Source data:
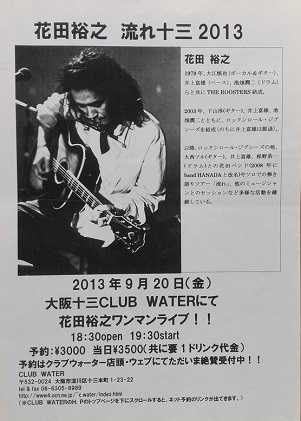 ・花田裕之「流れ」 2013.9.23 大阪十三CLUB WATER (提供:ドクターパイレーツさん。ありがとうございます) |
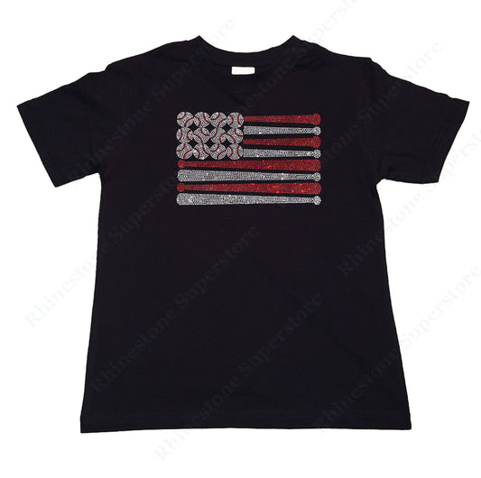 Girls Rhinestone T-Shirt " Baseball Bats & Balls Flag in Rhinestones " Kids Size 3 to 14 Available
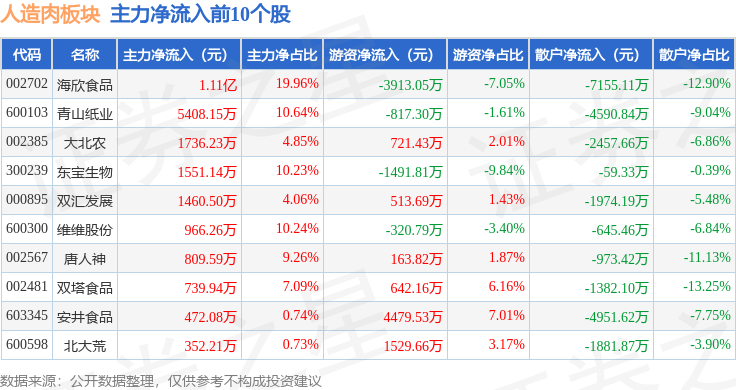 从资金流向上来看,当日人造肉板块主力资金净流入8576.47万元,游资资金净流入9005.49万元,散户资金净流出1.76亿元。人造肉板块个股资金流向见下表:
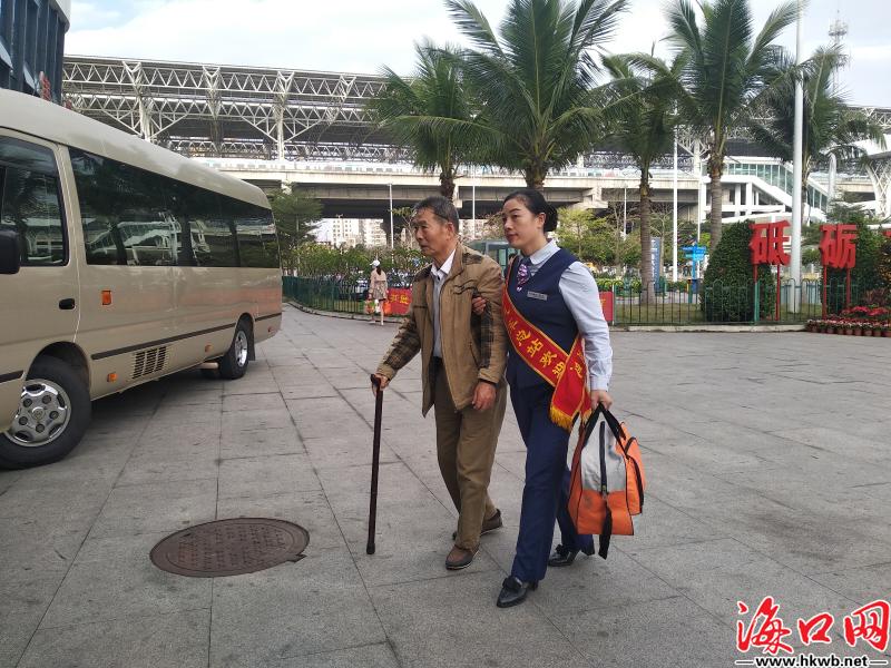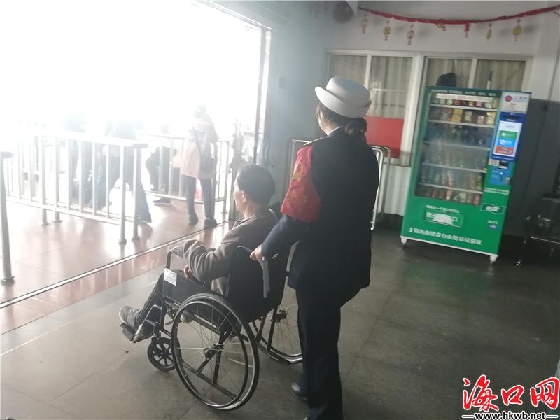 【暖心春运!海口汽车客运总站工作人员搀扶年迈旅客进站候车】1月10日,2020年春运大幕正式拉开。在海口汽车客运总站,一位年迈的旅客拄着拐杖,还拿着行李,行动十分不便,工作人员见状,立即上前帮忙提行李,并搀扶该旅客进站候车。(记者刘杰)
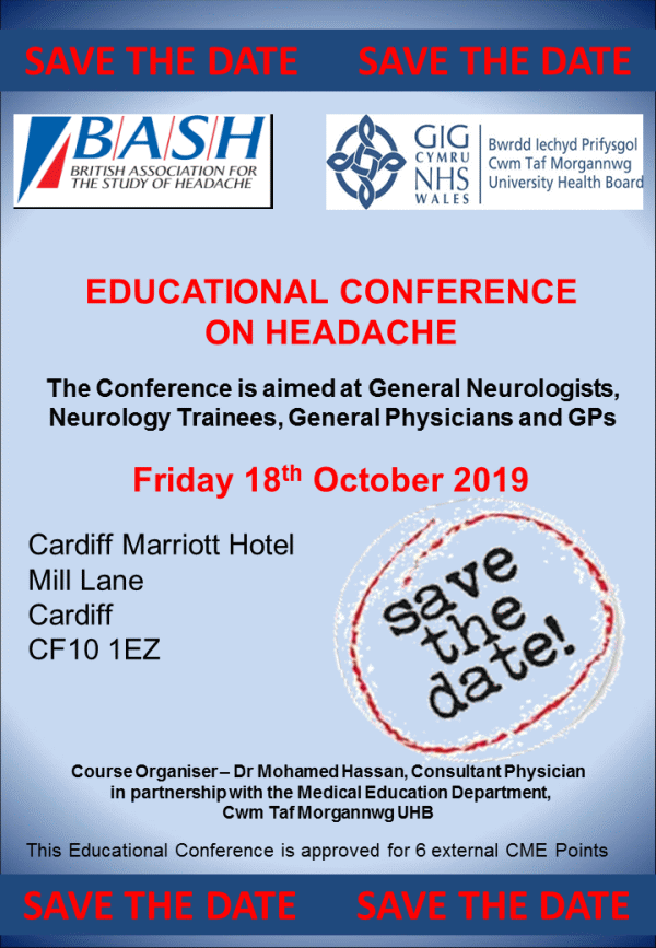 Mohamed Hassan (an acute physician from Prince Charles, Merthyr) is organising a conference on headaches in Cardiff on Friday 18th October. Headaches are his special interest and regardless of whether they might interest you personally or not, they’re certainly a common and important problem that we see a lot of in acute medicine!
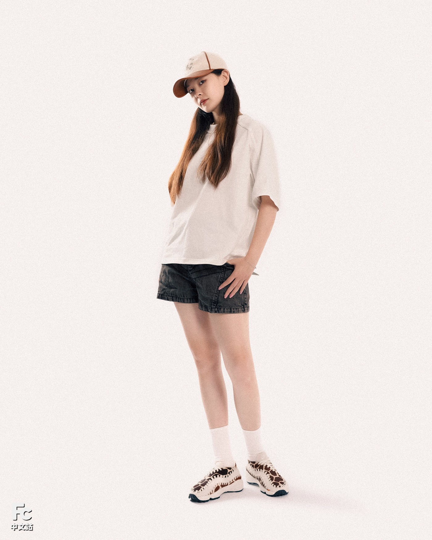 小姐姐选择一条牛仔短裤进行搭配,低帮的设计更加显腿长。
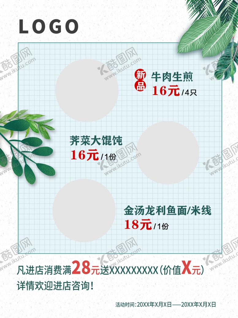 酷图网为你提供精美好看的素材模板下载,本次平面广告作品主题是菜单,素材ID编号是43785609140634413796,格式是PSD,建议使用打开编辑,或是"通过网上查询一下对应格式的打开软件";该菜单素材大小是131.77 MB,素材主要颜色以白色为主,素材分享方式属于
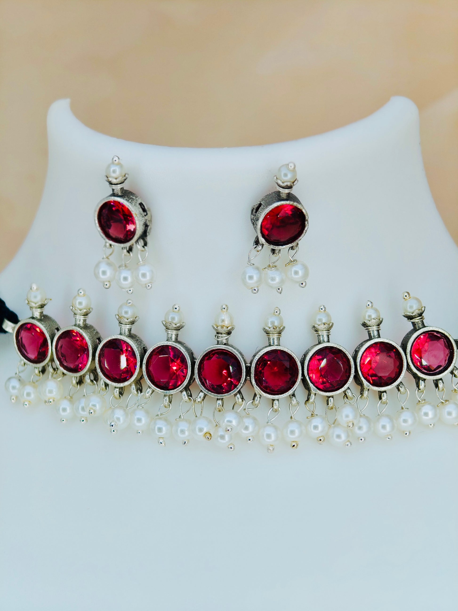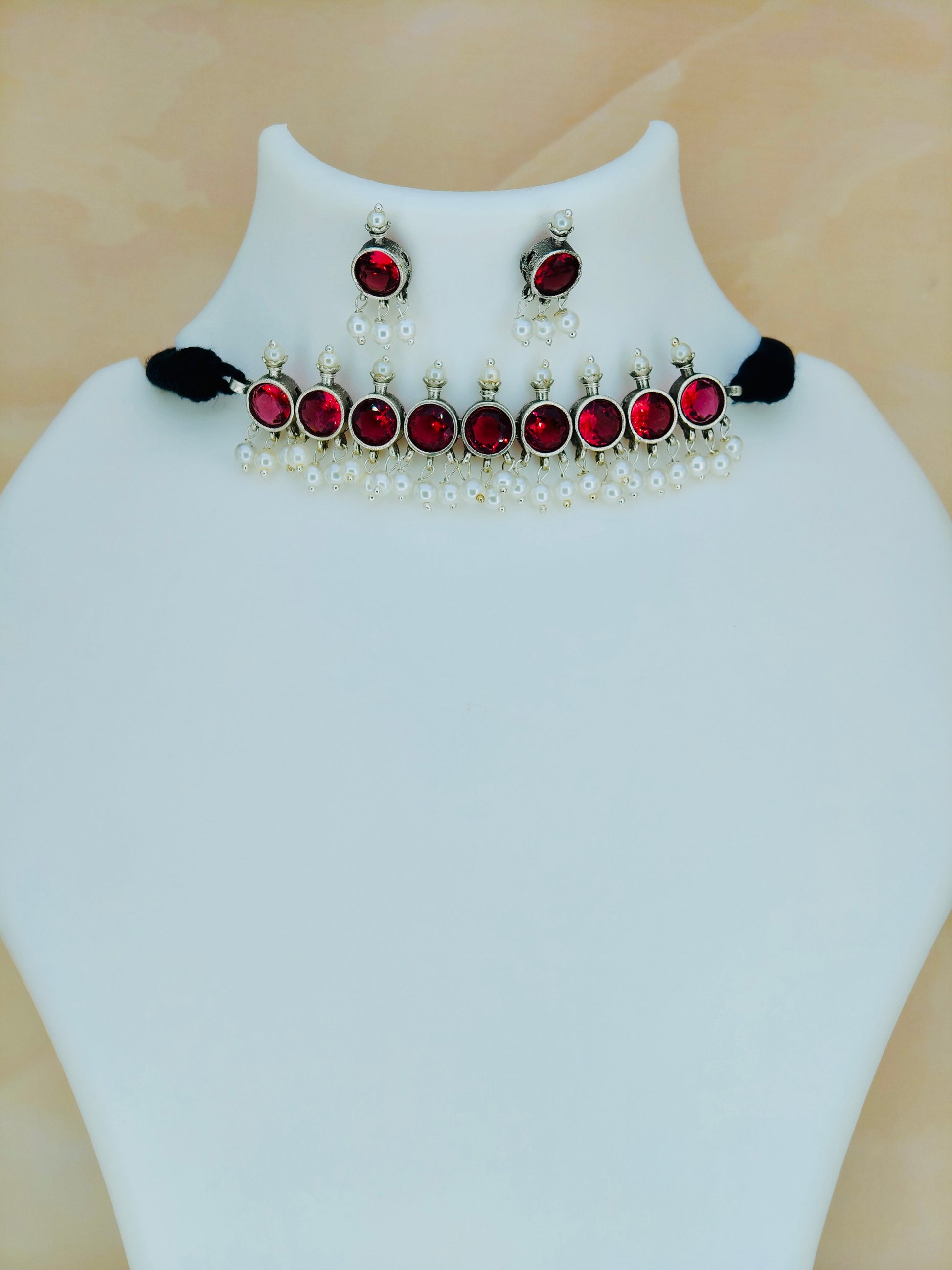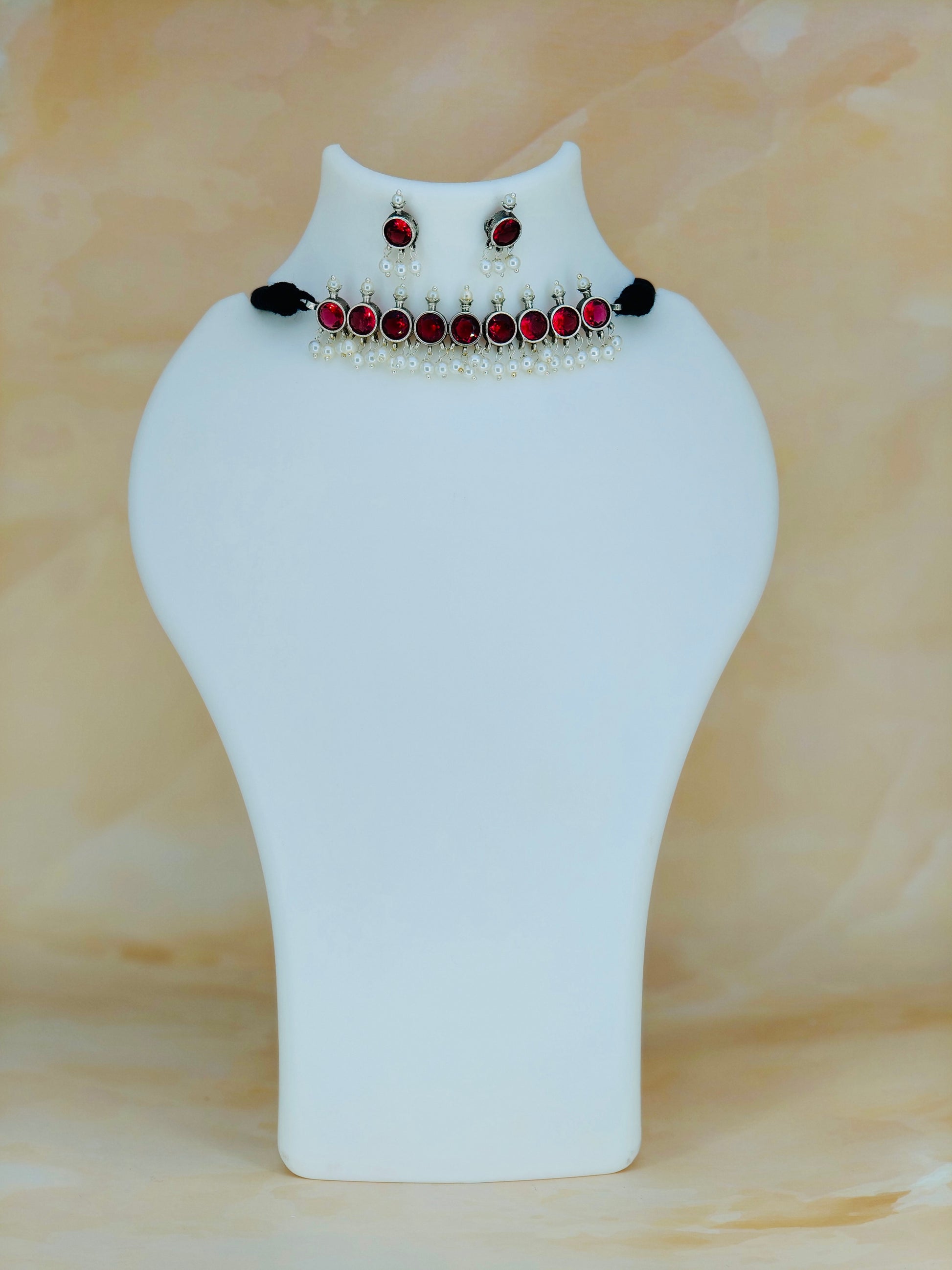 Elevate your jewelry collection with this Beautiful Oxidised Ruby Choker. Expertly crafted with a vintage oxidised finish, it highlights deep red ruby accents that add timeless elegance. The choker’s intricate design offers both sophistication and versatility, perfect for enhancing traditional and contemporary outfits alike. Durable and comfortable to wear, this piece makes a refined statement for special occasions or everyday charm.

• _PROBLEM DESCRIPTION_
Please leave out the pictures while you copy exactly the lines from the one containing "小姐姐选择一条牛仔短裤进行搭配,低帮的设计更加显腿长。" through the end of the records.

• _RESULT OF THE TASK_
 小姐姐选择一条牛仔短裤进行搭配,低帮的设计更加显腿长。
 酷图网为你提供精美好看的素材模板下载,本次平面广告作品主题是菜单,素材ID编号是43785609140634413796,格式是PSD,建议使用打开编辑,或是"通过网上查询一下对应格式的打开软件";该菜单素材大小是131.77 MB,素材主要颜色以白色为主,素材分享方式属于
 Elevate your jewelry collection with this Beautiful Oxidised Ruby Choker. Expertly crafted with a vintage oxidised finish, it highlights deep red ruby accents that add timeless elegance. The choker’s intricate design offers both sophistication and versatility, perfect for enhancing traditional and contemporary outfits alike. Durable and comfortable to wear, this piece makes a refined statement for special occasions or everyday charm.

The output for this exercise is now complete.